Degree and H/O mediator role. The importance of mediator proteins between H and O disease proteins (measured by M2 in the DPIP network) is shown versus their nD in the PPI network. Important mediators among disease proteins are not necessarily hub proteins in the cell.

Figure 4
figure 4

Betweenness and H/O mediator role. The importance of mediator proteins between H and O disease proteins (measured by M2 in the DPIP network) is shown versus their nB in the IP network. Important mediators are not necessarily high-betweenness nodes in IP.
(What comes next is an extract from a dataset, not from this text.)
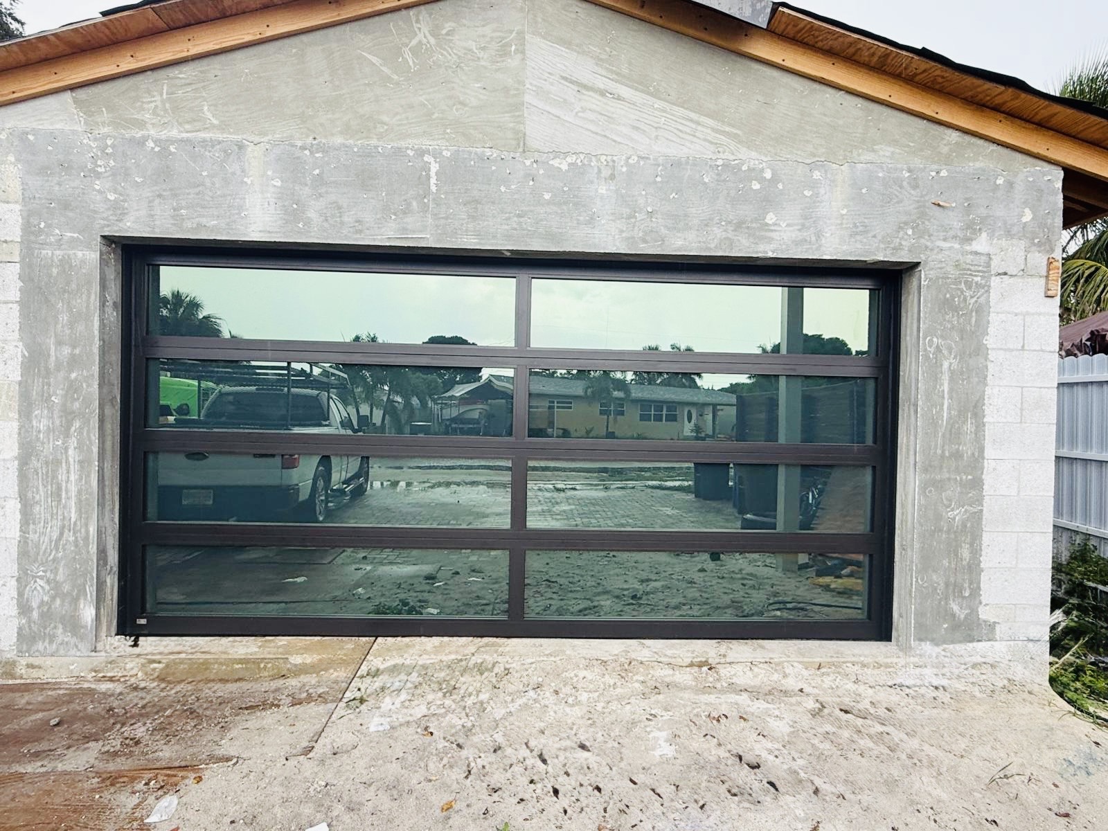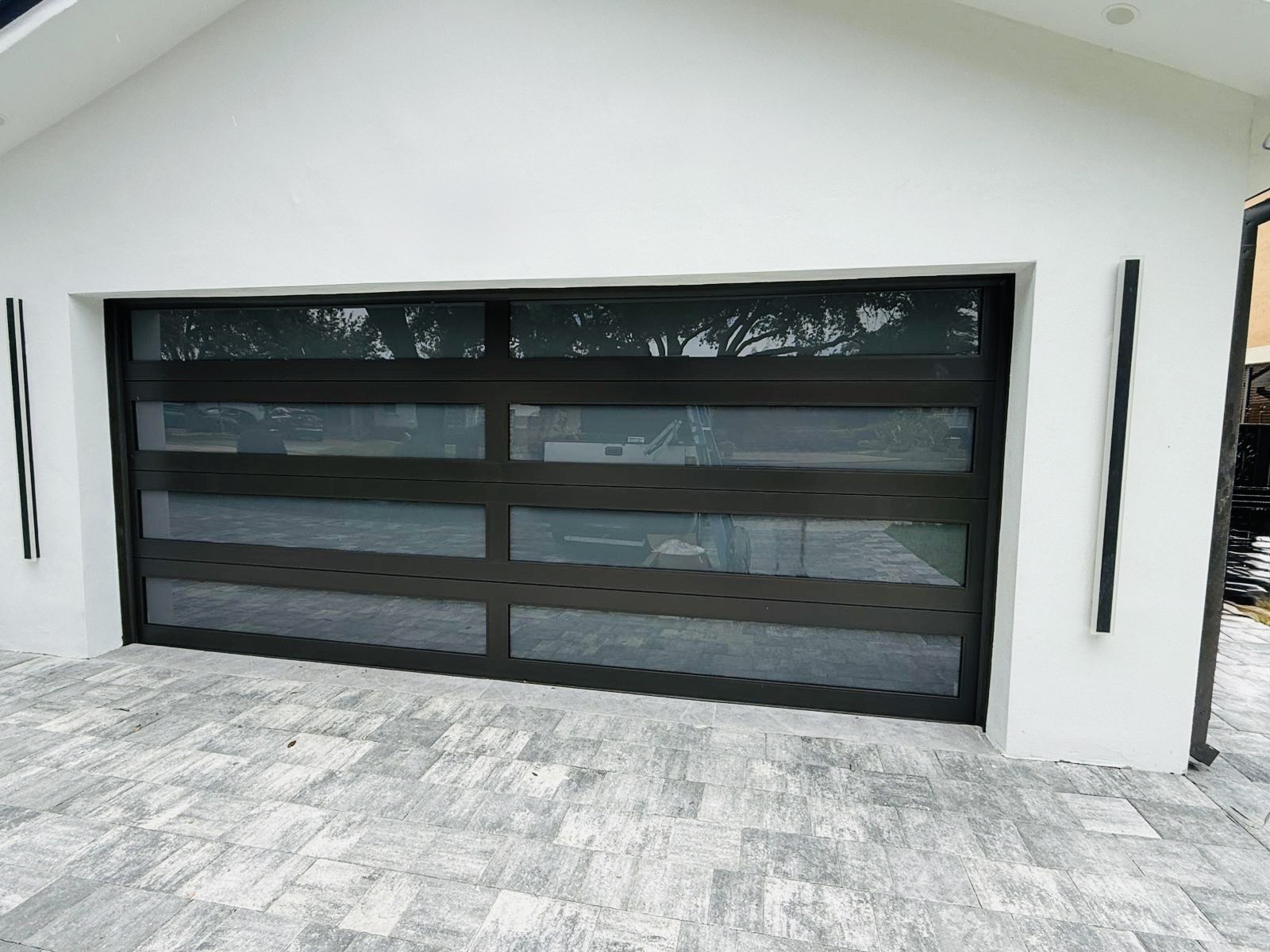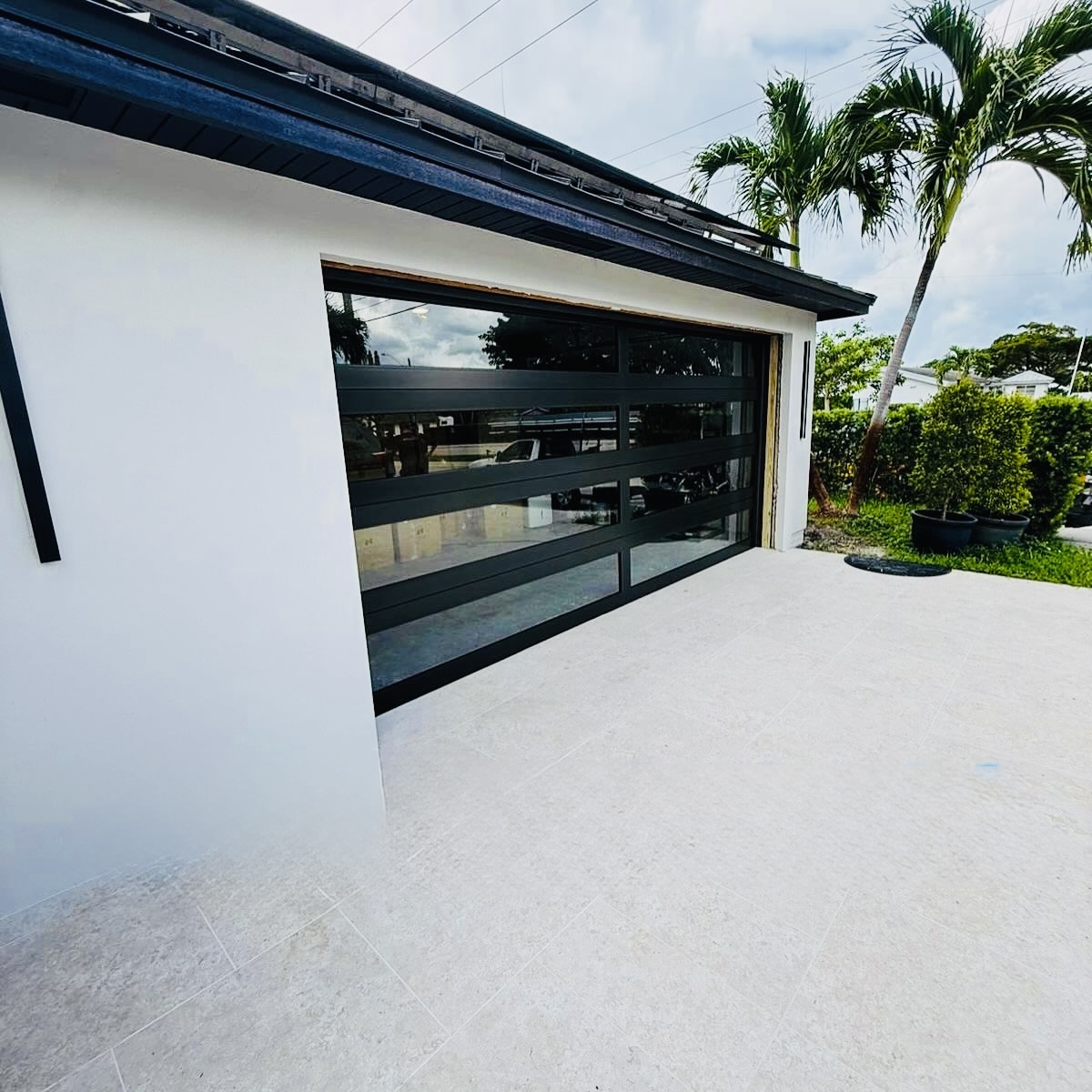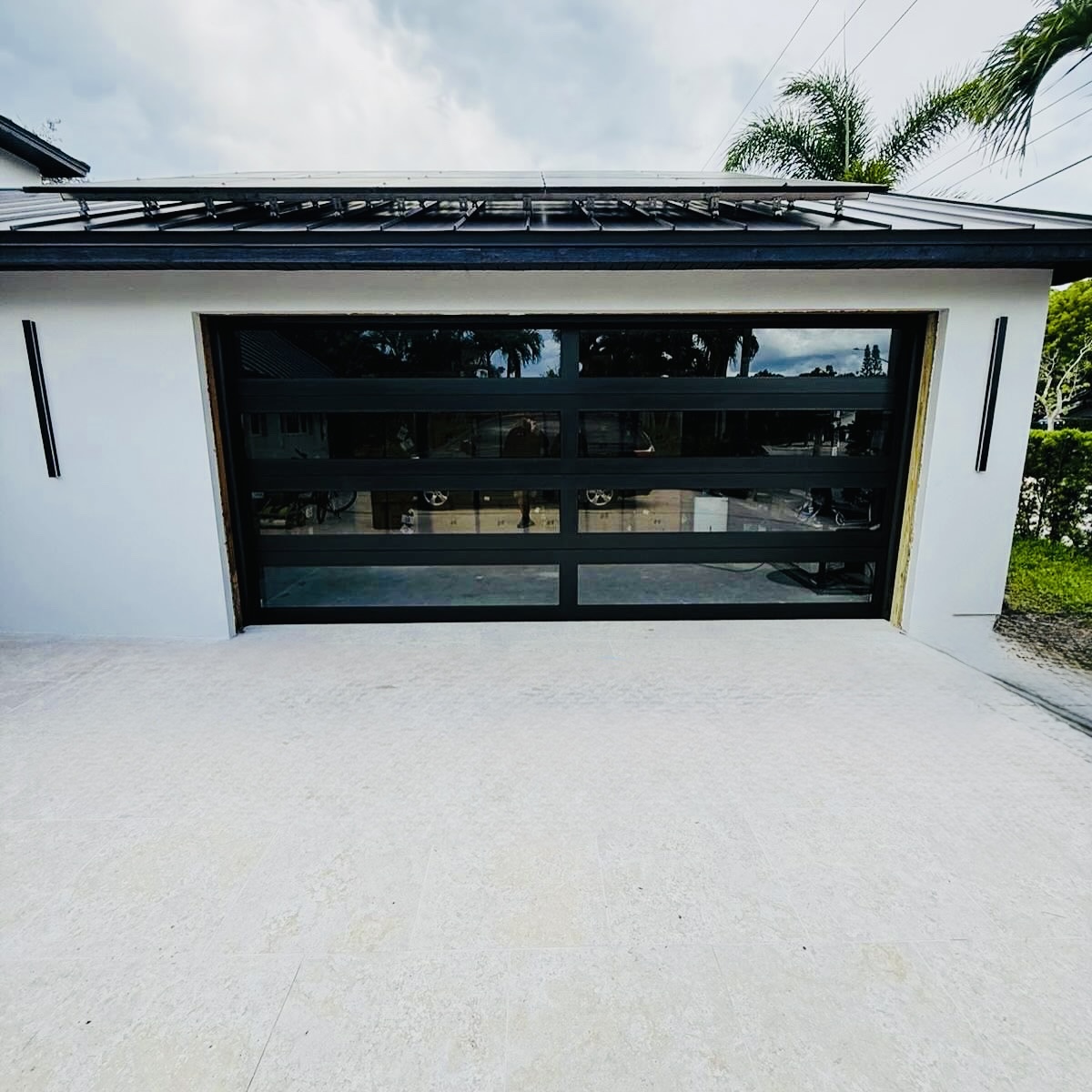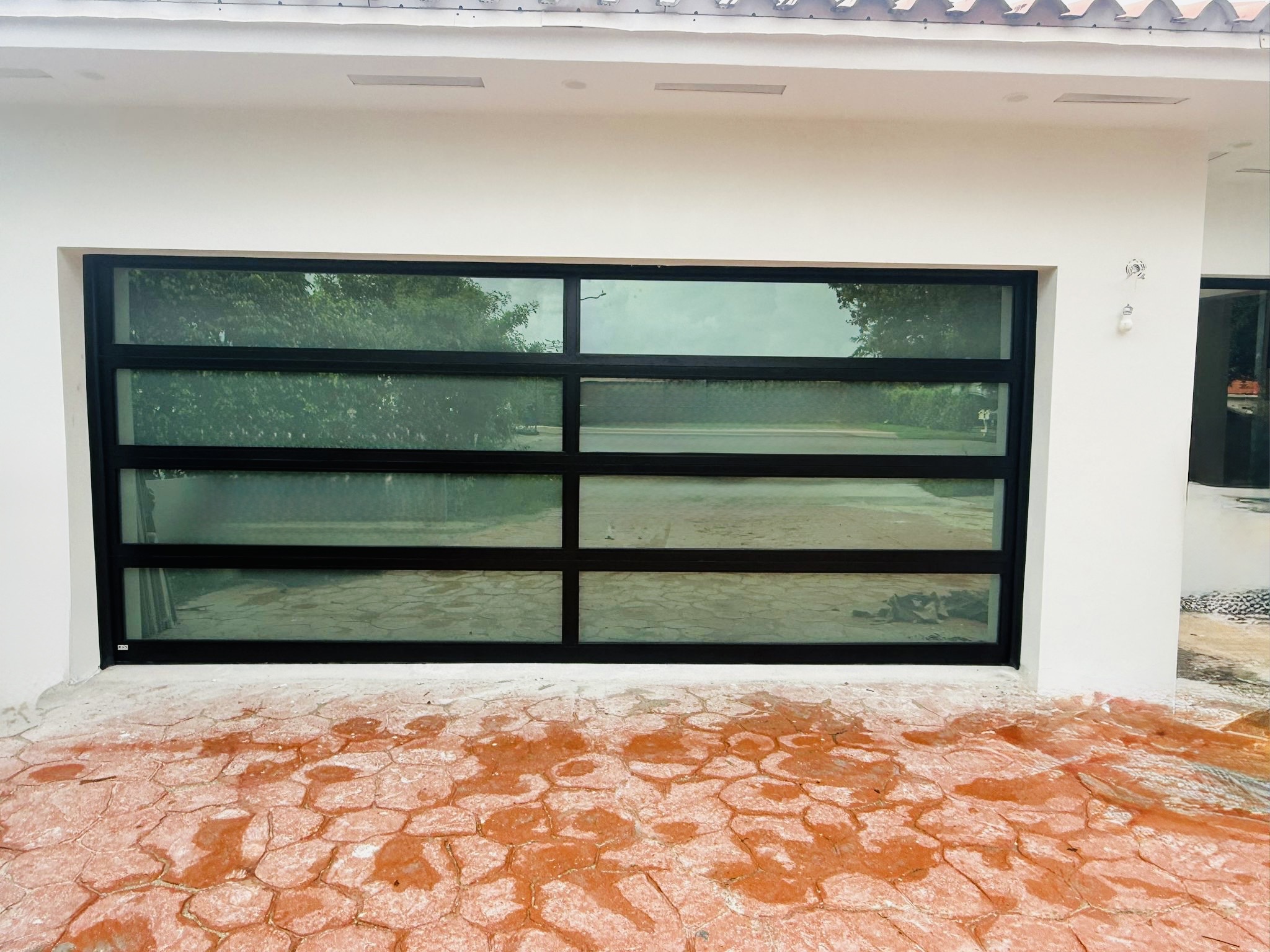 All-glass impact-rated garage doors give homeowners the dramatic look of floor-to-ceiling glass with the security and durability required for South Florida living. Engineered to withstand hurricane-force winds and flying debris, these doors combine modern aesthetics with certified protection, letting you enjoy natural light, panoramic views, and a truly elevated curb appeal — without compromising safety.Why Choose an All-Glass Impact-Rated Garage Door?

We suggest that it can be of interest to study the relationship between network position and functionality of proteins in the protein interaction network, even if our work indeed did not intend to predict causing-disease genes. Table 3 shows the statistics of enriched terms for the information of interest. The relationship between the M2 index and the average P-value calculated for GO terms of the mediators is demonstrated for both the H-O (Figure 5) and the H-D (Figure 6) pathways. All of the P-value of GO terms for the top mediators are below 0.05 (except for the H-D mediators P80098 (C-C motif chemokine 7) and P22681 (E3 ubiquitin-protein ligase CBL)): it means that these mediators associate to rich GO terms. The Pearson correlation (ρH-O = 0.51) and the Spearman rank order correlation (ρ = 0.55) show that there is a relatively strong positive relationship between M2 and P-value of GO terms of the H-O mediators. For the H-D mediators, the relationship is negative and not very strong (with Pearson correlation ρH-D = -0.14 and the Spearman rank order correlation ρ = -0.32). The relationship between important mediator function (high M2) and functional importance (low average P-value) is stronger in the case of diabetes (Figure 6).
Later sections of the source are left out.